Writing: Scott Beaton
Illustration: Hazel Laing
Growing up on the outskirts of a tiny Irish village – which itself was outside of a town and far away from any city or urban centre – meant I spent my early years in a homogenous community, rarely if ever confronted by questions of ethnic, religious or national identity. Now that I’ve left, I walk through a metaphorical minefield, attempting to uncover what it means to come from where I have, questions of home set out before me like tripwires: “Where are you from?” Easy. Got it! Ireland. “So, do you speak Irish, then?” I guess. My balance begins to falter. Voice very much wavering with hesitant panic, waiting for what is to come. “Say something! It’s such a nice language!!!” C-c-conas … atá t-tú? My throat closes up and my brain goes blank. Before long, cultural pride becomes private shame and my degree in Arabic and French seems like treachery, a cardinal sin committed against a tongue whose influence seems to fade daily, like a questioning of intention, of loyalty, of personhood.
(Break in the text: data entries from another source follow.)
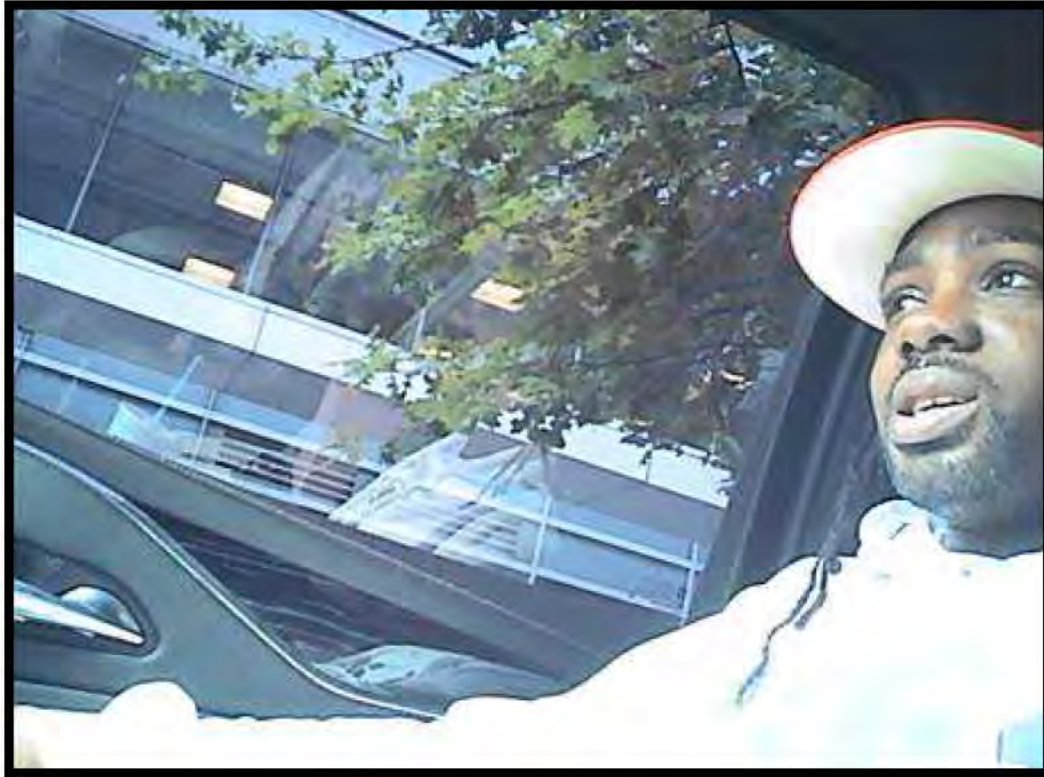
(WHITE in CHS 1's car.)

67. On August 9, 2024, WHITE responded: “Can you do half?” which CHS 1 understood to mean that WHITE was asking for $5,000, as CHS 1 had previously paid $10,000 to WHITE. CHS 1 agreed to give WHITE $5,000.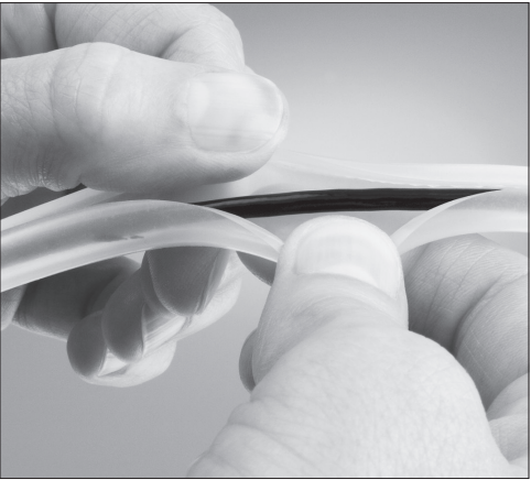
Pre-slit to install in minutes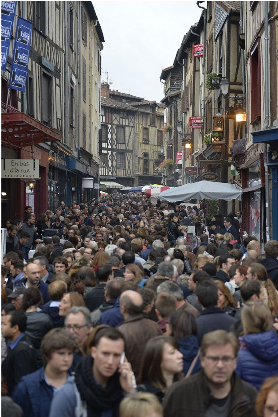
People attend the 43rd “Frairie des Petits Ventres” in 2016.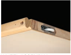
WHEEL ASSEMBLY Also pictured is timber finger grip on door edge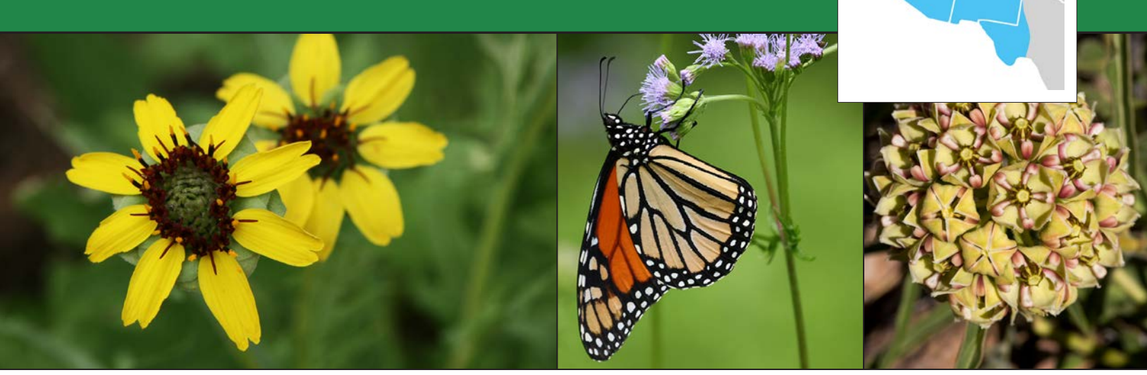
Left to right: Lyreleaf greeneyes, monarch on blue mistflower, and spider milkweed.

The Southwest is a land of geological wonders and climatic extremes. Covering the bulk of Arizona and New Mexico, as well as sections of California, Nevada, Utah, Colorado, and Texas, the southwest region boasts surprisingly lush riparian zones, high deserts, extensive sand dunes, wild cactus gardens, and isolated mountain ranges. Precipitation is minimal except during the summer monsoon season, when violent rainstorms can strike the region. The incredible diversity of landscapes and plant communities has contributed to highly diverse pollinator assemblages, from the hummingbird-sized sphinx moth to the brightly colored milkweed butterflies—the monarchs, queens, and soldiers.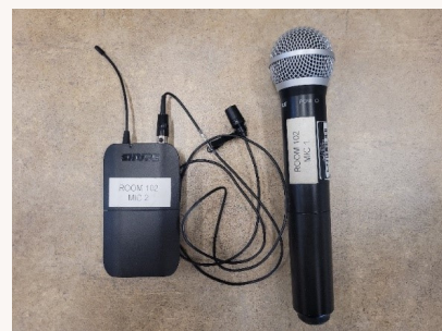
Wireless and Lapel Microphones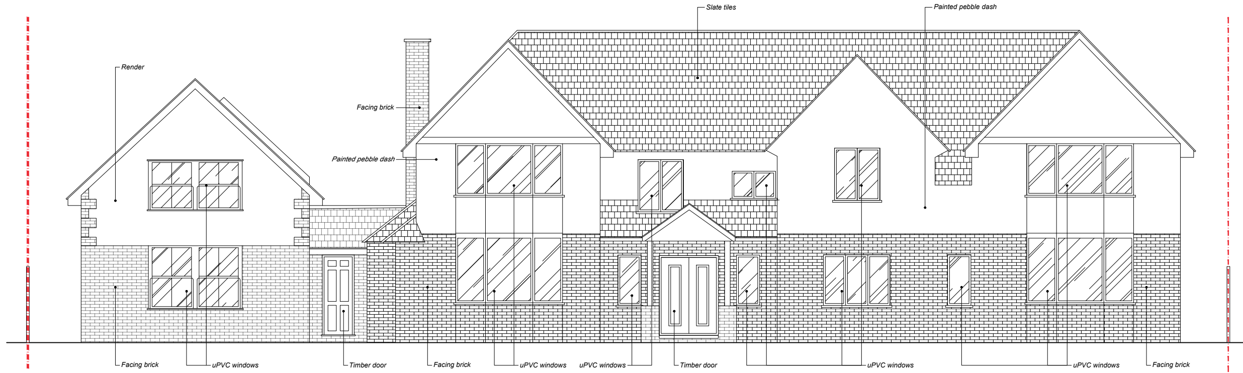
FRONT ELEVATION AS EXISTNG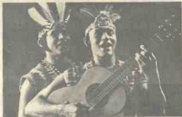
RCA 1365 45 rpm

I’m not great at Irish but it’s not that deep, right? Well, centuries of foreign occupation, settlement, colonisation, imperialism and outright discrimination on all fronts – linguistic, religious, ethnic; I could go on – have constructed a system wherein a language means more than just its words. Its grammar, its syntax, its dialects become symbols of survival, of the complexity of Irish identity, of the independence of a nation. I wish it wasn’t so; that a language could be spoken innocently by small children in playgrounds as they taunt each other during a harmless game of tag, without native speakers being labelled by one ex-politician and well-known radio presenter as “cultural terrorists”. There is something to be said for the impact of physical movement on the Irish (and other) language(s). For instance, Gaeilgeoir communities in the south of Ireland uniquely emphasise the last syllable of words, a result of French invasion in the 12th century and the subsequent mixing of stress patterns. Elsewhere, the American expression “You dig” developed because Irish immigrants, monoglots of Gaeilge, frequently used the expression “An dtuigeann tú” (pronounced: On Digg-An Too), meaning “Do you understand?” when they interacted within their new communities.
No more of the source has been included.